With single threaded mode, the processing time for hunspell might take around 30sec - the default php request timout limit in the config - for around 15-16k words long text with the 91% typing accuracy rate.
With multithreading mode, doubling the CPU count will result in a bit less then double processing time as well, so the more CPU your environment has, the faster the processing will be.
$results = (new HunSpell(
// encoding
'en_GB.utf8',
// dictionary file name without extension
'en_GB',
// response type
HunSpell::JSON_RESPONSE,
// max threads - ignored if the parallel module is dissabled
1,
// optimal minimum thread words - ignored if the thread number is 1
Configuration::MIN_WORD_PER_THREAD
))->suggest();
Supported output formats: array
, json
The output has an optimized size, if you are not sure what the attribute keys mean,
you can find the key constants in the HunSpell
class
The parallel extension can't be used in web (PHP CGI) environment, thus the wrapper can be used only with PHP CLI too and cannot be used directly in web environment
However, if you run a php script in a daemon(for example supervisor) then you can communicate between the script(running by PHP CLI), and your web environment(PHP CGI) through a UDP port or a unix socket, thus you can use the multithreading function on the web environment. For optimized performance it's recommended to use single thread execution under the minimum optimal thread words, which should be adjusted with the communication time(which should be measured) between the background script and the web app.

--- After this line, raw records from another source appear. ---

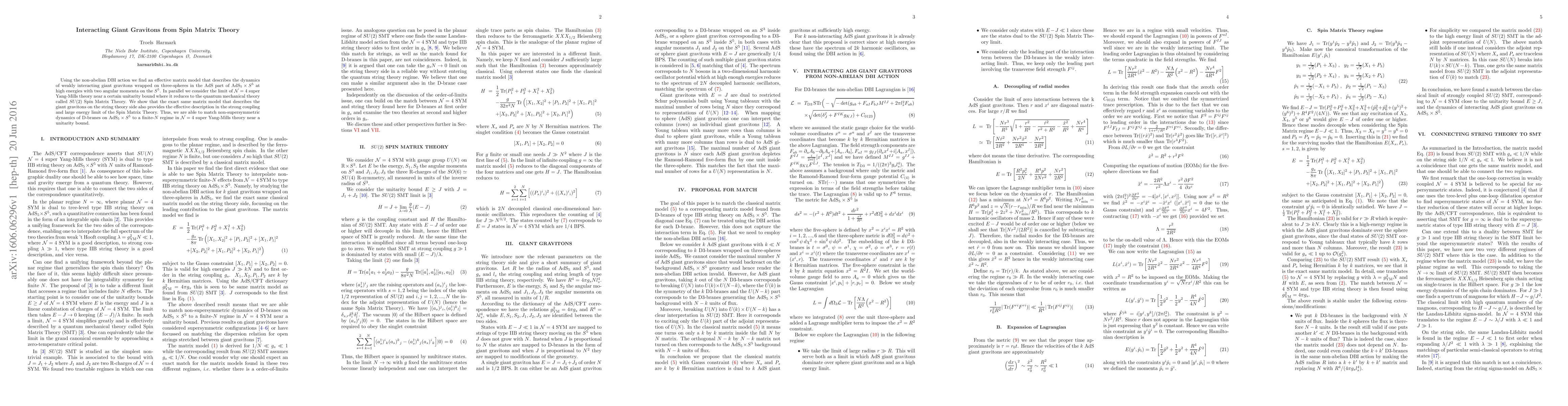 Using the non-abelian DBI action we find an effective matrix model that describes the dynamics of weakly interacting giant gravitons wrapped on three-spheres in the AdS part of AdS_5 x S^5 at high energies with two angular momenta on the S^5. In parallel we consider the limit of \CN=4 super Yang-Mills theory near a certain unitarity bound where it reduces to the quantum mechanical theory called SU(2) Spin Matrix Theory. We show that the exact same matrix model that describes the giant gravitons on the string theory side also provides the effective description in the strong coupling and large energy limit of the Spin Matrix Theory. Thus, we are able to match non-supersymmetric dynamics of D-branes on AdS_5 x S^5 to a finite-N regime in \CN=4 super Yang-Mills theory near a unitarity bound.
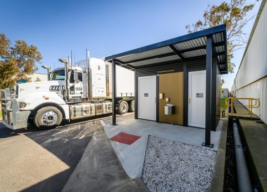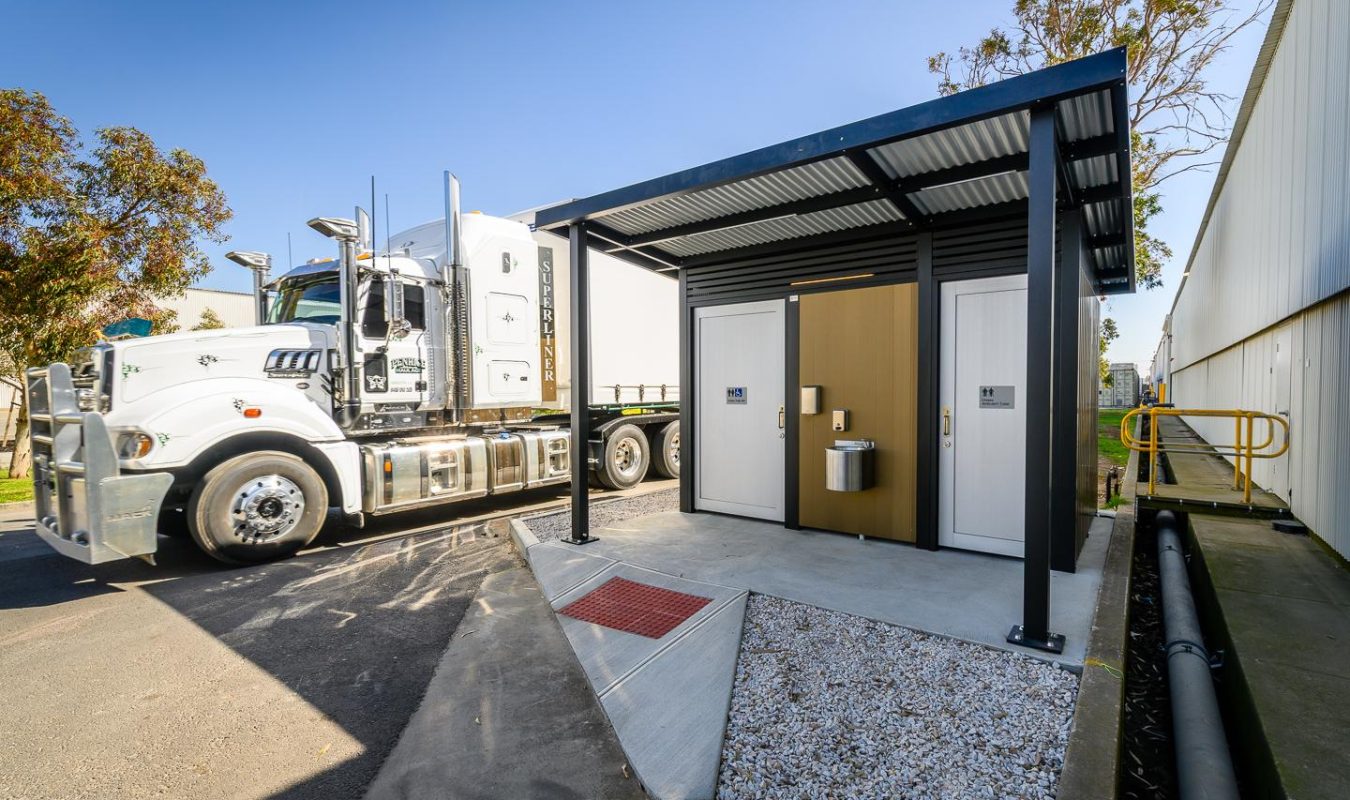 Located near a busy truck depot, the AMT101 two-door unit (WCC + 1 cubicle) provides essential facilities for drivers taking rest breaks.
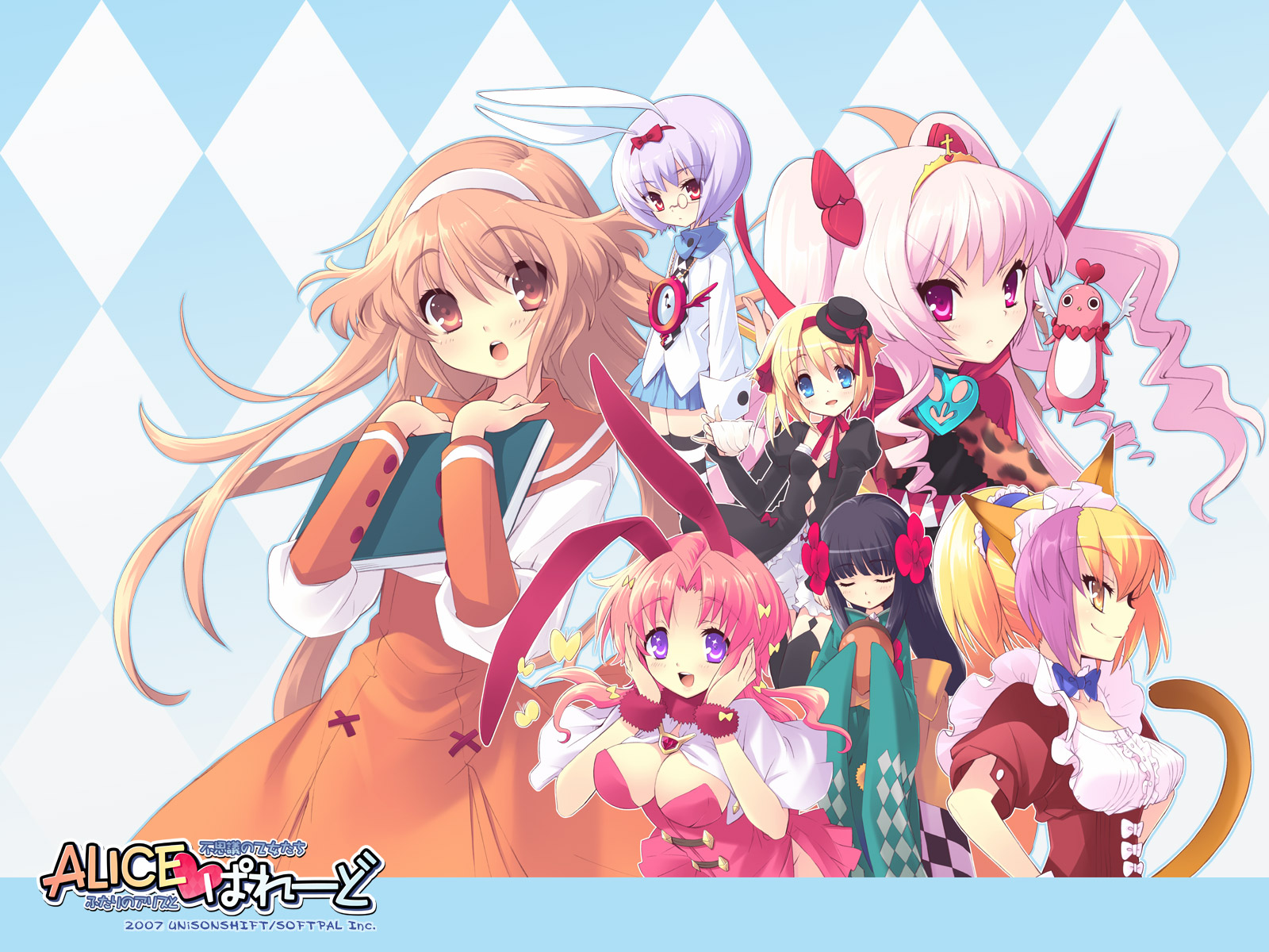 Description: A group of anime girls standing next to each other on a blue and white background with a checkered background.
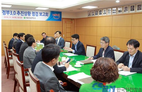 (한국안전방송) 대전광역시는 29일(목) 시청 다목적실에서 송석두 행정부시장 주재로 실·국장 간부공무원이 참석한 가운데 2016년도 정부3.0 추진상황 점검 보고회를 개최했다고 밝혔다.

It takes around 10 times as much time for an average word to calculate its suggestions for the Hunspell, then checking a correct word.
Creating individual threads takes time. Using the optimal minimum words per threads will barely increase the spell checking time
if the spellchecked text is very short. Although the performance will increase with longer texts.
By short text I mean something very close to Configuration::MIN_WORD_PER_THREAD * n
threads
(if it was calculated by you OR during the composer install, meaning the parallel was installed before that).
Each dictionary have two files; a .dic
and a .aff
file.
The .dic file starts with a number in the first line - this is the number of words the dictionary contains.
The rest is the words of the dictionary. The .aff file is a ruleset for the dictionary, which describes language rules.
The hunspell can use one dictionary at once, and it's much slower to execute the spellchecking twice on two smaller dictionaries and merge the results, then execute it on one bigger dictionary.
The default dictionary paths for hunspell can be checked by using the hunspell -D
command.
[Note]: File and word operations require rw file permission.
To create dictionary files(.dic
/.aff
/.tpl
):
(new DictionaryEditor())->create($path);
To delete dictionary files(.dic
/.aff
/.tpl
):
(new DictionaryEditor())->delete($path);
Adding new word to a dictionary/template:
$dictionaryEditor = new DictionaryEditor();
if (!$dictionaryEditor->addWord($path, $word)) {
echo $dictionaryEditor->getMessage();
}
[Note]: Adding a word to a dictionary template(.tpl
) won't add word count in the first line of the template,
like it does for the dictionary, which is required for the correct functionality
[Note]: If the word exists in the dictionary or template, then the word won't be added again, nor exception will be generated, but the DictionaryEditor class' message property will be set
Deleting word from a dictionary/template:
$dictionaryEditor = new DictionaryEditor();
if (!$dictionaryEditor->deleteWord($path, $word)) {
echo $dictionaryEditor->getMessage();
}
Editing word in a dictionary/template:
$dictionaryEditor = new DictionaryEditor();
if (!$dictionaryEditor->editWord($path, $word, $modifiedWord)) {
echo $dictionaryEditor->getMessage();
}
[Note]: Target word can't be already existing dictionary word
Listing words:
(new DictionaryEditor())->listWords($path);
Using one dictionary is way faster, then executing the hunspell on multiple dictionaries.
Editing language dictionaries are sometimes not a good idea,
because the added/edited words will be gone as you upgrade it.
Instead of editing the dictionaries directly, you can use templates, where you store your word and where you generate
the dictionaries from. For example if you want an upgraded language dictionary(upgraded_en_GB.dic
), then you can keep a
language dictionary(en_GB.dic
) and a template for your upgrade(custom_words.tpl
).
When you change the template files you can, you can relatively fast change the target word in the cache file/files -
like the upgraded_en_GB.dic
file - too. This implementation can be extended with multiple levels.
If you wish to store the dictionary files in the project folder, you can change the default folder paths in the
source code of the Hunspell(hunspell-master/src/tools/hunspell.cxx
), and recompile it like that.